It’s so rare to see radio stations move toward quality local programming and away from syndicated screaming that attention must be paid. So here is the latest press release from WRKO Radio (AM 680):
WRKO AM 680, Boston’s talk station, brings together three powerful business news sources — Boston Globe “Downtown” business columnist Steve Bailey, Boston Herald Business Editor Cosmo Macero, and the Wall Street Journal — to create “Boston Business Today,” a local news package which started Monday, January 16.
“Boston Business Today” will cover Boston’s business community with news and thoughtful analysis hourly during “Boston This Morning” and during “The Howie Carr Show.”
Macero and Bailey, two of the city’s top business journalists, will bring to “Boston Business Today” fresh business news and their view of important business stories. Macero will be on live at 6:37 a.m. every weekday, and Bailey will be on at 7:37 a.m. every weekday.
Joe Connolly of the Wall Street Journal will provide hourly business news updates, creating in-depth Greater Boston and New England business coverage to match the Wall Street Journal’s legendary reputation. Connolly’s reports will air during newsbreaks at 5:30, 6:30, 7:30 and 8:30 a.m. during “Boston This Morning,” and then at 4:30 and 5:30 p.m. during “The Howie Carr Show.”
“This is part of WRKO’s plan to provide Greater Boston with the best local coverage, whether it’s news, politics, business, lifestyle or the Boston Celtics,” said WRKO Operations Director Brian Whittemore. “We’re bringing together three business heavy-hitters to create a must-listen package for anyone in Boston business.”

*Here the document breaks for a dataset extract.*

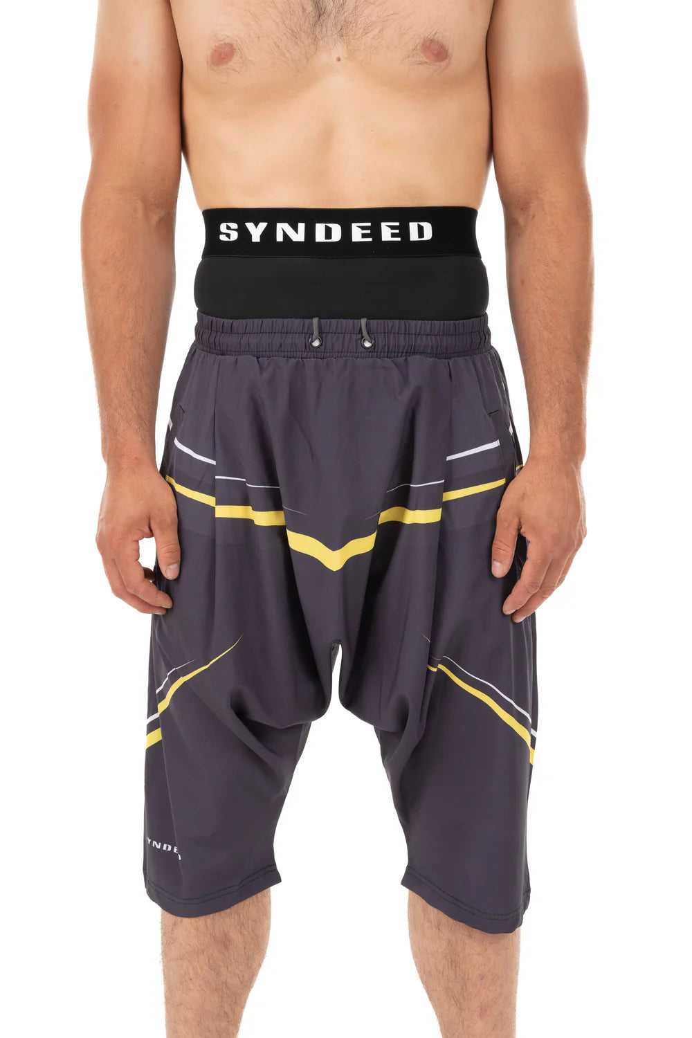 Version 2024 du short de bain Abyss, design futuriste, toujours ample à l'entre-jambe, rabat en lycra jusqu'au nombril.
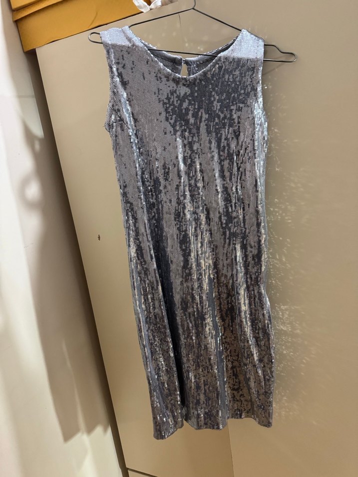 Kolsuz, uzun ve gri renkte olan bu abiye elbise, drapeli detayları ve dar kesimiyle parti için uygundur.39 numara ayakkabıyı da almak isterseniz fiyat500

This brings Bailey back to the airwaves following the meltdown of Brad Bleidt, the sticky-fingered former owner of WBIX Radio (AM 1060), where Bailey and fellow Globe columnist Charlie Stein (who recently took the buyout and left the paper) had an hour-long morning show. (‘BIX is still around, but it’s a ghost of its old self.)
But that’s not all. Mark Jurkowitz reports here on a new substance-abuse-recovery program that WRKO is planning to unveil on Sunday afternoons. I’m skeptical, to put it mildly, but it’s local and it sounds well-intentioned.
And this comes not long after the station replaced “Blute & Scotto” with “Boston This Morning,” which, despite the unexplained jettisoning of Peter Blute, strikes me as a reasonably high-minded attempt to put together something of substance. No one’s going to confuse it with NPR, but we’ve already got that.
Best of all, WRKO recently bumped syndicated hate-monger Michael Savage from 7 to 10 p.m. in order to make way for “Taste of Boston.” Not really my thing, but the fewer listeners Savage has, the better.